[STORED DATA]:
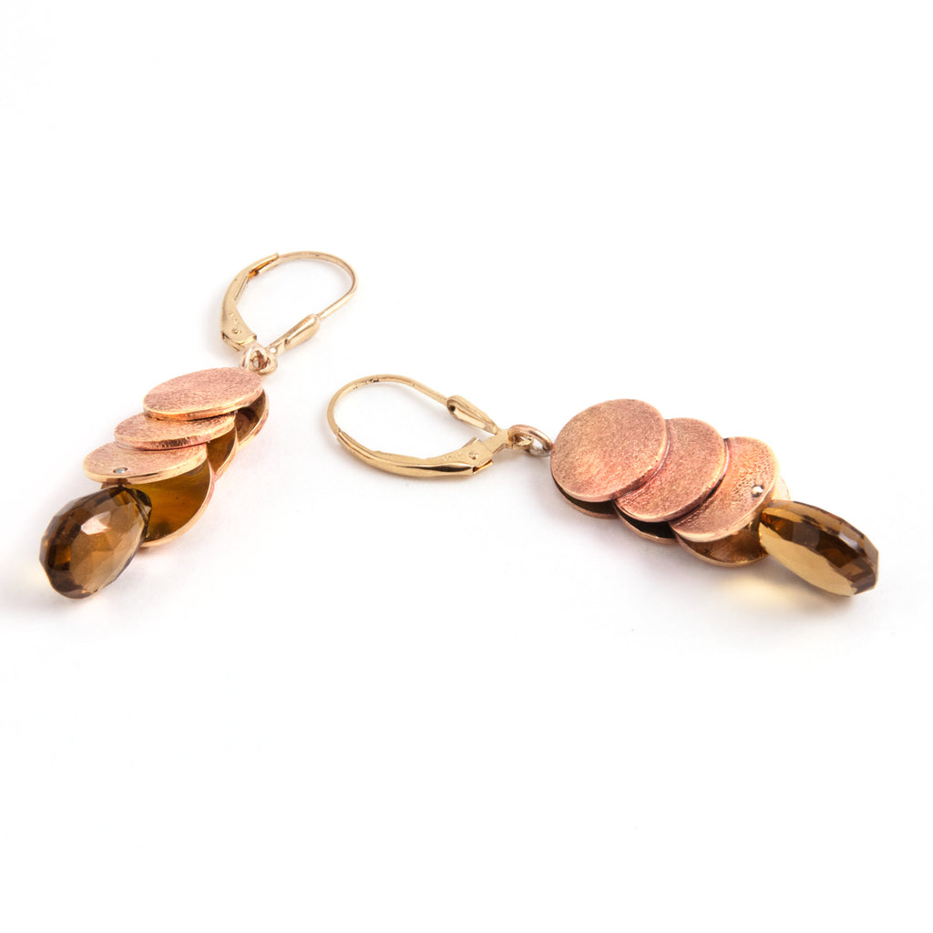Stipple texture and layered gold disks. Faceted teardrop smokey quartz stones swing freely. Lever back ear wires keep these earring from coming out.
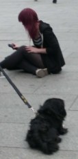 chien noir clochard en compagnie d'un jeune homme city finance Francfort !
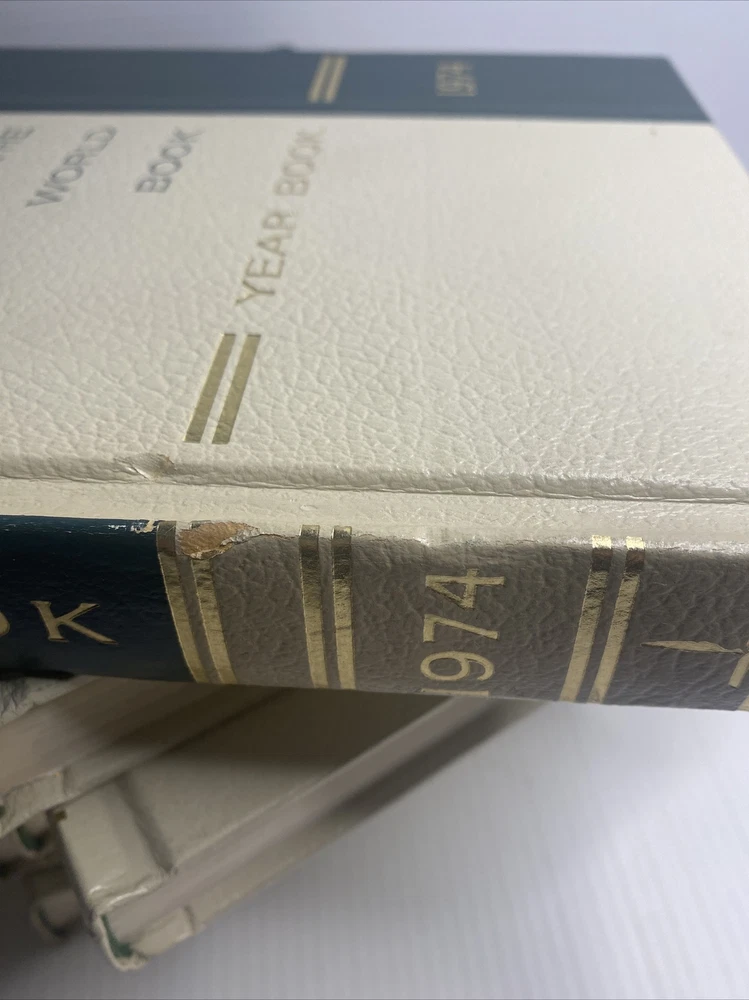 Discover the fascinating world with this comprehensive 10-volume set of The World Book Year Book! Delve into various topics, from history to science, and explore the world through rich illustrations and engaging narratives. This illustrated book set features a faux leather bound cover, making it a great addition to any book collection. This reference encyclopedia is perfect for young adults, ages 9-12, and adults alike, and it is published by Field Enterprises Educational Corporation. Whether you are a fan of historical books, nonfiction, or just want to explore the world, this set has something for everyone. Get lost in the pages of The World Book Year Book and expand your knowledge without worrying about the condition of the books. Books are in very good condition. The book for 1974 has an area of damage on the spine. Please see pictures.

[WHAT THIS TASK INVOLVES]: Retyping should start at the first line of the data above and stop after the line with "chien noir clochard", and no picture should be included.

[WRITTEN REPLY]:
Stipple texture and layered gold disks. Faceted teardrop smokey quartz stones swing freely. Lever back ear wires keep these earring from coming out.
 chien noir clochard en compagnie d'un jeune homme city finance Francfort !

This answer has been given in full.